2. Deux autres can­di­dats se pré­sen­te­ront sem­ble-t-il pour sou­te­nir la majo­rité pré­si­den­tielle sans en avoir l’inves­ti­ture. Ce sont des can­di­da­tu­res qui ne pré­sen­tent aucun inté­rêt pour ceux qui sont atta­chés à la jus­tice sociale et au lien entre les élus et les citoyens.

3. La can­di­da­ture trots­kiste doit bien entendu être com­bat­tue car elle détour­nera quel­ques élec­teurs du com­bat pour por­ter un can­di­dat de gau­che à l’Assem­blée Natio­nale.

4. La can­di­da­ture de Farida Amrani et Ulysse Rabaté appa­raît comme une can­di­da­ture de divi­sion et je ne la sou­tien­drai pas.

D’une part, elle a le sou­tien de la France Insou­mise dont l’action, je me suis déjà exprimé à ce sujet, s’appuie sur un mau­vais pro­gramme et une mau­vaise stra­té­gie. Elle s’ins­crit en fait dans la volonté de réduire l’influence du PCF voire de le faire dis­pa­raî­tre alors même que la plu­part des mili­tants locaux de la France Insou­mise ne la sou­tienne pas.

D’autre part, elle est en elle-même insou­te­na­ble. Les can­di­dats sont peu implan­tés sur la cir­cons­crip­tion, ils ont refusé tout dia­lo­gue avec Michel Nouaille et ils sont appa­rem­ment sou­te­nus par un ancien élu com­mu­niste qui cher­che à régler ses comp­tes per­son­nels et non à défen­dre des idées de gau­che. Il est navrant que Jean-Luc Mélen­chon uti­lise les médio­cri­tés de quel­ques uns pour ser­vir sa volonté d’hégé­mo­nie sec­taire sur l’oppo­si­tion de gau­che.

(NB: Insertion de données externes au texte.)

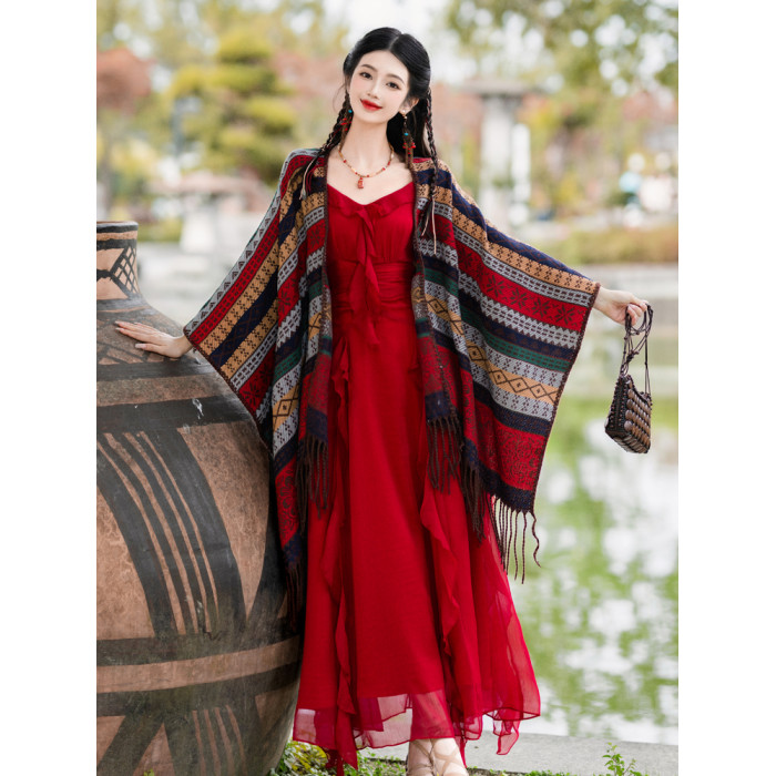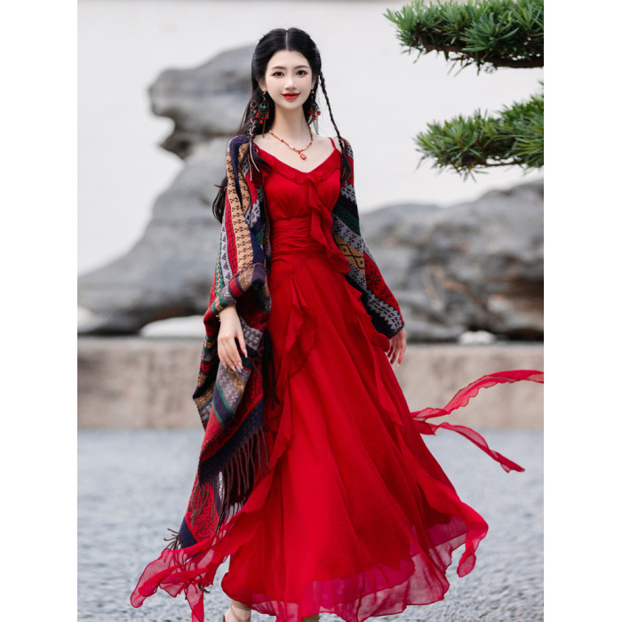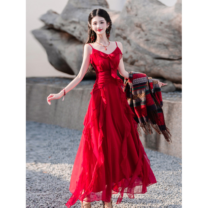 夏日絕美小裙子復古民族風紅色雪紡吊帶連衣裙海邊度假沙灘長裙仙

5. Compte tenu de la déci­sion prise par le Parti Com­mu­niste, il était nor­mal que Michel Nouaille sou­tienne la can­di­da­ture de Jean-Luc Mélen­chon pour la pré­si­den­tielle bien qu’il en ait mesuré, comme beau­coup de com­mu­nis­tes, les limi­tes.

Il est aujourd’hui le can­di­dat du Parti Com­mu­niste mais comme l’a mon­tré la con­fé­rence de Presse d’hier, il a ini­tié avec suc­cès un ras­sem­ble­ment sans le sec­ta­risme de la France Insou­mise. J’ai pris con­nais­sance avec satis­fac­tion de la déci­sion cou­ra­geuse de mon ami Jac­ques Picard qui vient de le rejoin­dre.

Le pro­gramme dont Michel Nouaille est por­teur n’est plus stricto-sensu, celui de la France Insou­mise et il a affirmé hier avec sa sup­pléante une volonté de dia­lo­gue avec les citoyens qui m’ins­pire con­fiance.

Les con­di­tions poli­ti­ques d’un sou­tien à Michel Nouaille et Mina Fayed sont donc réu­nies.

Mais l’élec­tion d’un député, c’est aussi le choix d’un homme ou d’une femme. Dans le cas de Michel avec qui j’ai milité depuis de nom­breu­ses années, la con­fiance est totale. Je sais qu’il res­tera fidèle à nos valeurs et qu’il agira tou­jours dans l’inté­rêt géné­ral.


J’apporte donc mon plein sou­tien à Michel Nouaille et Mina Fayed pour ces légis­la­ti­ves.